Thomas R. Barrett, M. Bamford, N. Bowden, B. Chuilon, T. Deighan, P. Efthymiou, M. Gorley, T. Grant, D. Horsley, M. Kovari, M. Tindall

Fusion Science and Technology / Volume 79 / Number 8 / November 2023 / Pages 1039-1050

Research Article / dx.doi.org/10.1080/15361055.2022.2147766

Received:August 18, 2022
Accepted:November 11, 2022
Published:October 6, 2023

The Combined Heating and Magnetic Research Apparatus (CHIMERA) fusion technology test facility is under construction. The facility will be uniquely capable of semi-integral testing of fusion materials and component modules up to the size of the ITER test blanket module box, under combined conditions of in-vacuum high heat flux, static and pulsed magnetic fields, and high-temperature/high-pressure water cooling.

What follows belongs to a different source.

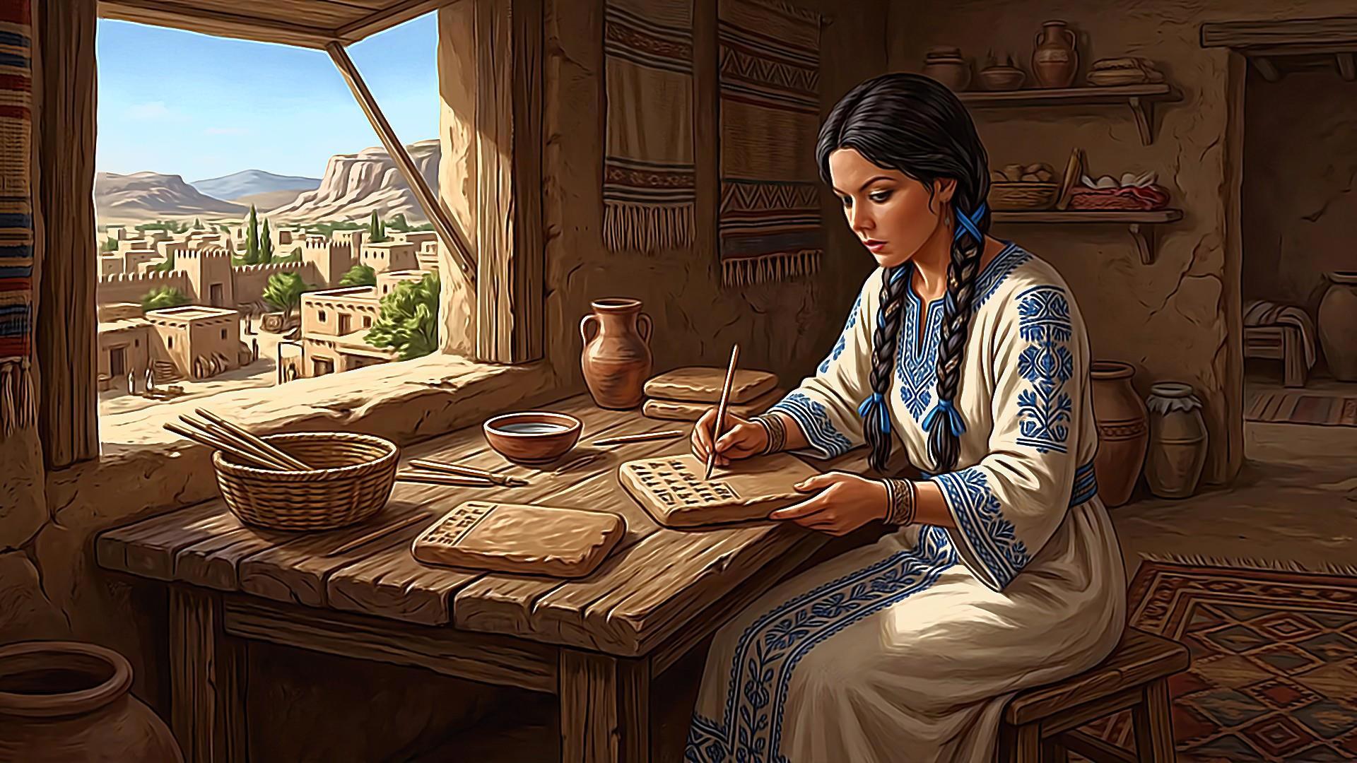 На одной из этих картинок нарисована девушка, которая что-то пишет на глиняной табличке. Это Карди Хастияровна, которую за её выдающийся ум мы в романе "Далёкая гроза" сделали министром финансов хеттского царя Тудхалии IV. Хеттское царство было одним из немногих государств древности, где женщины имели обширные права и свободы. Так и должно быть всегда. Желаем вам, милые женщины, чтобы все ваши таланты были оценены по достоинству. И не только в этот день.

This paper reports the high-level capabilities of the CHIMERA baselined design and the planned program of testing and describes the proposed strategy for use of simulations for virtual testing, qualification, and in-situ monitoring.

The first step in testing of a component mock-up is to take data from as-built geometry and other measurements and transmit them to an integrated computational model that can closely mimic the physical asset and form a digital replica. Not only can this digital replica be queried in advance of physical testing in the facility, allowing optimization of the test program, but combined with subsequent test data, it also can deliver much greater insight into experimental results than can be obtained using test data alone. The digital replica is used as the basis for a digital twin, which is live coupled to the running experiment, and is under development as a proposed key facet of fusion reactor surveillance in-service. Physical mock-ups for testing can be subjected to in-vacuum heat flux up to 0.5 MW/m2 over the entire surface while within a strong horizontal magnetic field. The central field can be up to 4 T with a peak in the test region of 5 T. The same component mock-ups can also be subjected to repeated magnetic field pulses with ramp rate 12 T/s, which can simulate loading conditions of a plasma disruption. Facility upgrades are underway to include a liquid metal circulation loop to allow the study of magnetohydrodynamics effects and to add a high-heat-flux system using a very high-power continuous-wave laser to achieve divertor-relevant heat fluxes of 20 MW/m2 over the area of a small-scale mock-up. Four examples are given to illustrate the physical testing program that is currently foreseen.